Но и отряхнулся: да провалитесь вы все, почему я должен скрывать свой выбор? Мне — это нравится, я сам к этому пришёл, — а вы думайте, как хотите.

Где-то прочёл: „Студенчество — пушечное мясо революции”. Это написано было в виде брани, а Саше понравилось: тут есть меткость. Да уж лучше так, чем пушечным мясом вашей войны, как попал в Четырнадцатом. Что он верно понимал (большевики понимают): что солдаты воевать не хотят, но особенно чтоб им объяснили, что именно через это достигнется царство правды на земле. Хотя не так непосредственно и прямо, но в социальных чертах это было верно, — и Саша подтверждал им с трибун, и ему сильно хлопали. Саша теперь посвободнел в ремесле произносить публичные речи, да и наслушался главных большевиков и самого Ленина, некоторые фразы стояли в ушах готовые, и даже чем грубей фраза, хоть и противно повторять, а сильнее действует. Да не столько важно, поймут не поймут, а всё зависит от уверенности, с какой будешь кричать. Подружась с прапорщиками 180 полка — Коцюбинским, Тер-Арутюнянцем, Саша вместе с ними водил их полк на Мариинскую площадь 20 апреля и успешно держал там речь, как бы ещё раз брал Мариинский дворец.
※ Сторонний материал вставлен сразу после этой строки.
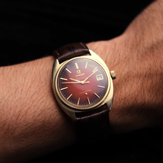 Este Omega Constellation vintage é uma joia da relojoaria suíça dos anos 60/70, combinando prestígio, precisão e um mostrador gradiente vermelho espetacular, com padrão pie-pan e estrela aplicada. Trata-se de um verdadeiro chronometer certificado, símbolo máximo da excelência da Omega.
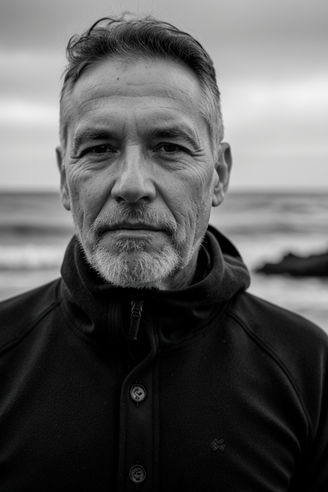 b&w photo of 54 y.o man, face, half body, body, high detailed skin, skin pores, coastline, overcast weather, wind, waves, 8k uhd, dslr, soft lighting, high quality, film grain, Fujifilm XT3

А в большевицком штабе Саша ставил-снимал посты, патрули, и особенно в кризисный день 21-го, и в ночь, и не допускал противника с Троицкой площади. Всё удалось хорошо. А на этой неделе помогал устроить всероссийскую конференцию на 150 человек — и размещение, и охрану. Сперва — в здании женского медицинского института на Петербургской стороне. Но тут же их профессора возмутились, — потому что сразу после апрельской суматохи, — и потребовали, чтобы большевики ушли. Пришлось перебираться далеко, на курсы Лохвицкой-Скалон, а секции занимались — кто у Кшесинской, кто в цирке „Модерн”. Саше везде пришлось побывать — и везде он мог присутствовать, и слушал, смотрел с пристальным интересом.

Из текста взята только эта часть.